We suppose for the sake of argument that the true mean temperature of healthy adults is 98.6 with a standard deviation of 0.7. We model repeated samples as follows. First, choose a mean temperature for each of the 20 people, assume that healthy human temperatures follow a normal distribution with mean 98.6 and standard deviation 0.7. Then, assume that each person’s own temperatures are centered at their personal mean temperature with standard deviation 0.5.

# choose a mean temperature for each person
people_means <- rnorm(20, 98.6, .7)
# take five readings of each person
temps <- rnorm(100, mean = rep(people_means, 5), sd = 0.5)
glimpse(temps)

##  num [1:100] 97.9 99.3 99 99.2 98 ...

Now replicate this simulation to estimate the type I error rate:

sim_data <- replicate(1000, {
  people_means <- rnorm(20, 98.6, .7)
  temps <- rnorm(100, mean = rep(people_means, 5), sd = 0.5)
  t.test(temps, mu = 98.6)$p.value
})
mean(sim_data < .05)

## [1] 0.305

The effective type I error rate in this case is much larger than 5 percent! This is strong evidence that one should not ignore this type of dependence in ones data.

Tryit 8.5

Change the standard deviation from 0.7 to 2. Does the effective type I error rate to increase or decrease?
Now change the other standard deviation fro 0.5 to 2 (while returning the original standard deviation to 0.7). Does the effective type I error rate increase or decrease?
Return the standard deviations to 0.7 and 0.5, and now take 10 readings from 10 different people. What happens to the effective type I error rate?

Example 8.18

In the next example, we see what happens when there is a dependence between adjacent observations when ordered by a second variable. A common special case is when the observations are ordered via time. For example, if you wish to determine whether the high temperatures in a specific city in 2020 are higher than the were in 2000, you could subtract the high temperatures in 2000 from those in 2020. The resulting data would likely be dependent on time in the sense that if it was warmer on Feb 1 in 2020, then it will likely also be warmer on Feb 2 in 2020.

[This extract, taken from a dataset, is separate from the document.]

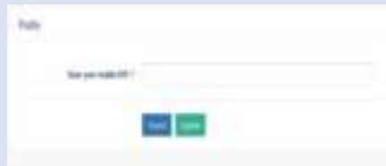
Fig 63 OTP validation to update mobile number of a user

On clicking the 'Update' button, the changed address will be updated in a user's profile

In order to simulate this, we will create 100 data points $x_1, \ldots, x_{100}$ such that $x_1$ is standard normal, and $x_n = 0.5 x_{n - 1} + z_n$, where $z_n$ is again standard normal. We see that the $n$th data point will depend on the previous data point relatively strongly, and on ones before that to a smaller extent.

We show two ways to simulate data of this type. The first uses a while loop, which we only covered briefly in the “Loops in R” Vignette at the end of Chapter 5. Readers who do not wish to see this can safely bypass to the built in R function which samples from this distribution.

x <- rep(NA, 100) # create a vector of length 100 that we will fill in below
x[1] <- rnorm(1)
i <- 2
while (i < 101) {
  x[i] <- .5 * x[i - 1] + rnorm(1)
  i <- i + 1
}
plot(x, type = "l")

This is a common enough process that there is a built in R function arima.sim which does essentially this and much, much more. For our purposes, we only care about the ar parameter in the model list. That is the value $c$ such that $x_n = c x_{n - 1} + z_n$.

x <- arima.sim(model = list(ar = .5), n = 100)

Now we suppose that we have data of this type, and we estimate the effective type I error rate when testing $H_0: \mu = 0$ versus $H_a: \mu \not= 0$.

sim_data <- replicate(10000, {
  x <- arima.sim(model = list(ar = .5), n = 100)
  t.test(x, mu = 0)$p.value
})
mean(sim_data < .05)

## [1] 0.2565

Again, we see that we have an effective type I error rate much higher than the desired rate of $\alpha = .05$. It would be inappropriate to use t.test in this way on data of this type.

Tryit 8.6

Change the ar parameter to .1 and to .9 and estimate the effective type I error rate. Which one is performing closest to the desired rate of $\alpha = .05$?

8.5.5 Summary

When doing t-tests on populations that are not normal, the following types of departures from design were noted.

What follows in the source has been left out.